My read of the VGA port was not that it was particularly valued as an output; but that it was supposed to be there as an input option(mentioned in ‘Video subsystem’) so that, along with the ability to use the internal keyboard and pointing device as USB peripherals, you could connect the thing to a headless system.
That is a rather interesting feature, I don’t know of any laptops that do it. I modified the connectors on one of the old Motorola ‘lapdock’ things intended to laptop-ize certain cellphones to get the mouse/keyboard/screen in portable package with battery option; but it seems like something that could be even less obtrusive if it could just borrow those peripherals from an actual laptop on the occasions that they are needed.
Totally, it’s for connecting to rack servers and the like, which typically have bare-bones video on-board - on those rare but critical occasions when you need to reconfigure a borked network configuration or get into BIOS.
Not quite cellphone screen sized, but there are some battery powered standalone portable screens in the pipeline. Expect that we’ll be seeing more like this now that USB-C as a video transport exists for multiple device classes.
I get that he’s trying to cram as many ports on it as possible, but some of it seems to be ugly for ugliness sake. Why are the keys all weirdly color coded? Maybe it’s for some Russian input mode reason? It would be a lot more ascetically pleasing if you didn’t have the Cyrillic letters cluttering up the keys and made them a uniform color.
This is pretty much an all-in-one crash cart for a datacenter. It’s a bit of a shame it’s doomed to be absurdly expensive if it ever gets built.
I really love the idea that the VGA port is an input port. Hopefully it comes with a cable that you can plug into a USB port on your machine and the server to allow you to use your laptop as a console terminal.
Yes, I’ve thought about the left handed folks, and I guess there is a mirror-image solution for my keyboard shortcuts.
I do use a Logitech G502 mouse, something that would probably be even more useful for you: I have Return as one of the side buttons. I also have the scroll wheel assigned for: press left, Command S, Save, and press right, Delete.
I use a cheap symmetrical mouse, and use left handed mode in my desktop environment. On pure X environments I remap the mouse buttons with xmodmap.
The main thing for me is that I select objects or text with my gripping hand (the left) and operate on them with my right (enter or delete). I do this to share the load between both hands, to void focusing the work on the left.
Before that my right hand would get very sore, particularly when documenting. Coding wasn’t so bad.
Cons:
If you’re an SA, you REALLY REALLY want a full sized CTRL key on at least one side (I would happily sacrifice the CAPS LOCK key).
The ESC key is in an interesting place, don’t know if I like it
The tilde key is also in a weird place.
One thing I always hated moving from computer keyboard to computer keyboard on different systems is that touch typing became impossible, especially when editing files…
THIS is why I love BoingBoing so much. They appreciate beauty, elegance, functionality, coolness – good design – in every aspect of human technology. Even typography.
I mostly agree with everything you’ve said, but not this. I still manage a fair number of way older systems which do not have HDMI output; VGA (especially if it supports sync-on-green) is still super useful.
Requiring extra USB ports is easily resolved by grabbing an external hub. But HDMI to VGA converters don’t always work.
ETA:I do have a question, though. This thing has webcams. Do you guys use webcams a lot?
When did it become a “clit mouse”? First time I’ve seen that. Although IBM and the Thinkpad people officially called it a TrackPoint IIRC, it was less formally known as a nipple (or perhaps the bit of replaceable red rubber was that - or a nub)
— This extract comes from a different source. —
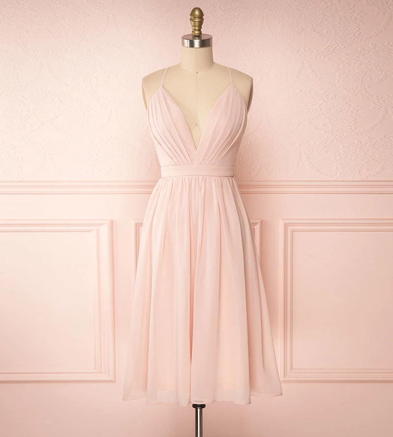 Pink v neck chiffon short prom dress
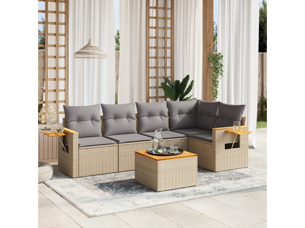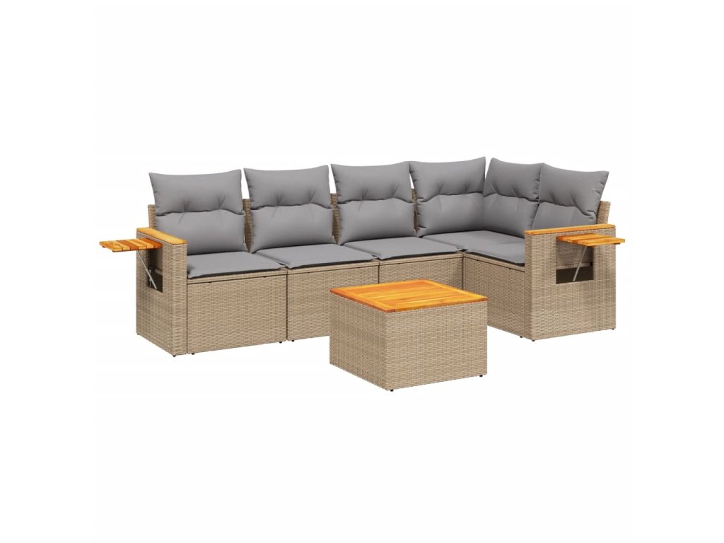 6dílná zahradní sedací souprava s poduškami béžová polyratan 3226794

I’m just fascinated that it has migrated from nipple to clit.
Well when I had a virtual office I worked for a place that didn’t like them so dunno. I did you voice chat on skype often though so video would just be an add on to that.
Should have replied to this as well. At least where I worked there were always carts with keyboard, mouse, monitor and various dongles to connect to the headless servers. Stupid blade servers had like 3 different connectors depending on make/year.
It is sort of incredible that with thousands of machines available the one with just the combo of things I want never seems to be available.
Using all the real estate for a keyboard just seems like a no brainer that nobody gets right.